6.4. Validation method

In order to fairly test Filip, I entered it in the third CAFA competition, where it could be independently assessed by other researchers. In CAFA, each researcher can enter up to three methods, so I tested Filip by entering DcGO alone, and DcGO plus Filip, so that I could compare their performances.

6.4.1. Test set: CAFA3

After initial development, I entered DcGO only, and Filip-plus-DcGO into the CAFA3 competition in order to test Filip on an unseen dataset.

This meant that I did not download the CAFA3 ground-truth, as this analysis was done by the CAFA3 team, but only the CAFA3 targets, these continue to be available through the CAFA website.

Again, I used only the human targets (file target.9606.fasta). This is again a FASTA file, with the same format as for CAFA2, this time containing 20197 targets proteins.

6.4.2. Filip inputs for validation

As previously described, three types of input are needed for Filip:

  1. Protein function predictions

  2. Normalised gene expression data.

  3. A map from gene expression samples to Uberon tissues.

I described the gene expression data and metadata for (2) and (3) used for validation in the previous section.

6.4.2.1. Creating protein function predictions (DcGO)

I used DcGO as a test since I knew that it’s structure-centric prediction method didn’t include any gene expression information.

To create the input to DcGO, I used:

The script to create the UniprotKB IDs is available here, to create the input for DcGO is here. Then, to create the DcGO-only entry, I used the DcGOR library[219] (the dcAlgoPredictMain function).

import pandas as pd 
from myst_nb import glue

# TODO: Make drop-down. Glue table.
dcgo_predictions = pd.read_csv('data/created/dcgo_submission.txt', sep='\t', skiprows=4, index_col=0, header=None)
dcgo_predictions.drop('END', inplace=True)
dcgo_predictions.columns = ['phenotype', 'confidence']
dcgo_predictions.index.rename('protein', inplace=True)
glue('dcgo-predictions-view', dcgo_predictions.head())
glue('dcgo-cafa2-predictions', len(dcgo_predictions.index), display=False)
glue('dcgo-cafa2-proteins', len(dcgo_predictions.index.unique()), display=False)
glue('dcgo-cafa2-phenotypes', len(dcgo_predictions.phenotype.unique()), display=False)

The DcGO predictions contain only 15192949 of 20257 proteins and 15749 phenotype terms (all of which are GO terms).

6.4.3. Running Filip

I used an early version of ontolopy to map between uberon tissues and phenotypes. I describe this process in detail in Section 7.5: for CAFA3, I used phenotypes present in DcGO predictions as targets, and looked for mappings only including Uberon terms (not Cell Ontology terms).

The cut-off was chosen by plotting the distribution of TPM expression and choosing a value below which there appeared to be little noise (50 TPM) between biological and technical replicates.

6.4.4. Validation Methodology

This confidence score allows for a range of possible sets of predictions, depending on the threshold parameter \(\tau\). Precision (the proportion of selected items that are relevant), and recall (the proportion of relevant items that are selected) are defined in terms of true positives \(t_p\), false positives \(f_p\), and false negatives \(f_n\):

\(precision = p = \frac{t_p}{t_p + f_p}\)

\(recall = r = \frac{t_p}{t_p + f_n}\)

Precision-recall curves are generally used to validate a predictors performance, but the \(F_1\) measure combines these into a single measure of performance:

\(F_1 = 2 \frac{precision \cdot recall}{precision + recall}\)

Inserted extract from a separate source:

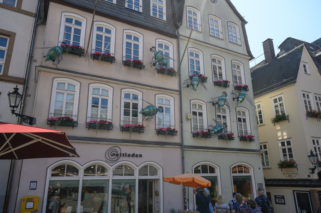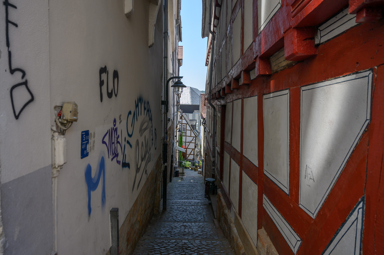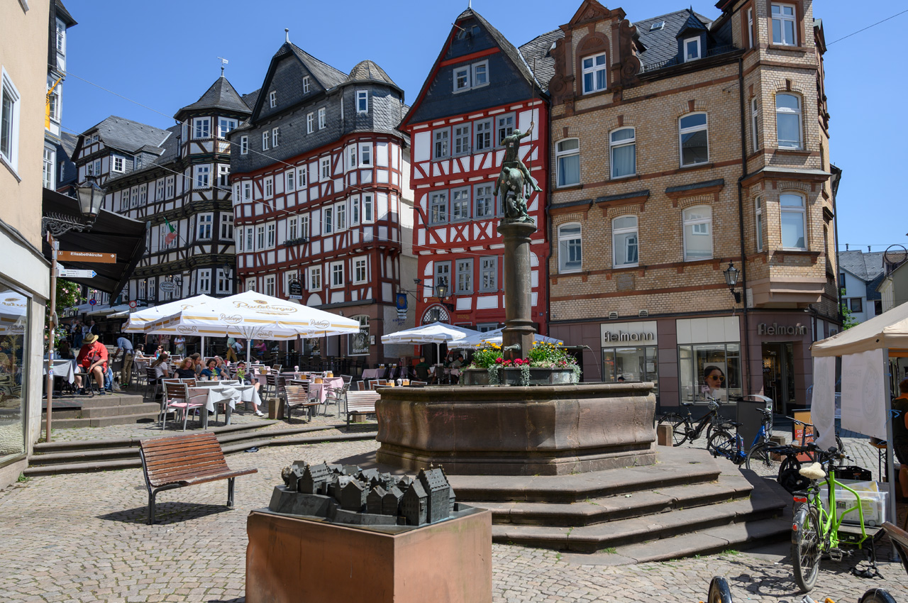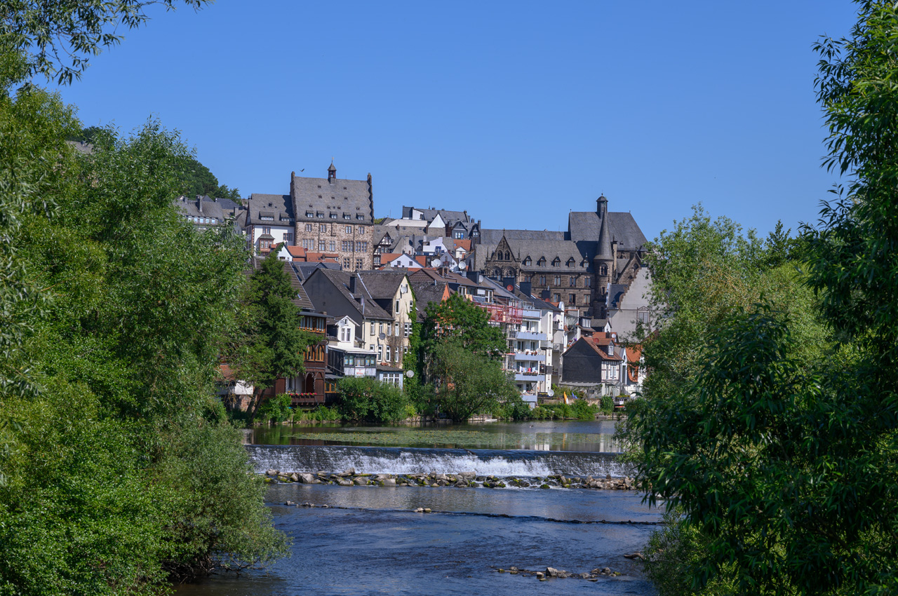 Beim Abmarsch zu unserer ersten Visite von Marburg haben wir uns auf die Touristeninfo in der Oberstadt geeinigt und nicht auf die am Bahnhof. Den Wegweisern brav folgend kamen wir an dem Erwin-Piscator-Haus an. Dort stand an der ehemaligen Eingangstür zur Touristeninfo, wir sind umgezogen. Na toll! Gut, in einem kleinen Kasten waren Stadtpläne von Marburg. So konnten wir uns wenigsten anhand der angegebenen Adresse neu orientieren. Jetzt ging es gnadenlos, sehr zur Freude von Susanne, Gasse für Gasse nach oben. Diese Stadt ist definitiv nichts für alte Leute. Aber mit ihren über 26.000 eingeschriebenen Studenten ist Marburg wohl auch eher eine Stadt der Jugend und denen macht der Anstieg offensichtlich nicht so viel aus wie uns. In der Nähe des Marktplatzes haben wir dann auch die Touristeninfo gefunden. jetzt konnten wir auch besser die Schönheit der Stadt genießen, ohne Zielstress. Also sind wir relativ gemütlich über Neustadtstraße und Steinweg wieder abgestiegen. Die Pilgrimstein Straße ging es dann zurück zur Lahn. Dort haben wir sogar einen Schäfers Bäcker entdeckt, bei dem ich morgen früh unsere Brötchen besorgen kann. Von hier aus sind es ca. 700 Meter bis zum Womo. Es begann das Relaxen für den Rest des Tages. Ich hatte ja auch schon wieder über 12.000 Schritte zusammen.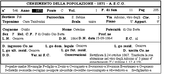 Per trascrivere parte del documento sopra illustrato è stato adoperato un flat file manager (Provue, Panorama II), creando un file intitolato "Cens_1871".

Since the precision and recall will be different for any \(\tau\), the \(F_{max}\) score is the maximum possible \(F_1\) for any value of \(\tau\).

CAFA validation can either be term-centric or protein-centric. For each option, submissions are assessed per species and for wholly unknown and partially known genes separately.

6.4.4.1. Limitations of validation method

There is no penalty for making a broad guess, or reward for making a precise one. This is one of the reasons that the naive method does so well: for example it is not penalised for guessing that the root term of the GO BPO ontology Biological Process is related to every gene.

Due to the nature of the validation set, it’s possible that the best-scoring CAFA methods simply predict which associations are likely to be discovered soon (i.e. associations to genes people are currently studying, which is well-predicted by genes that have recently been studied).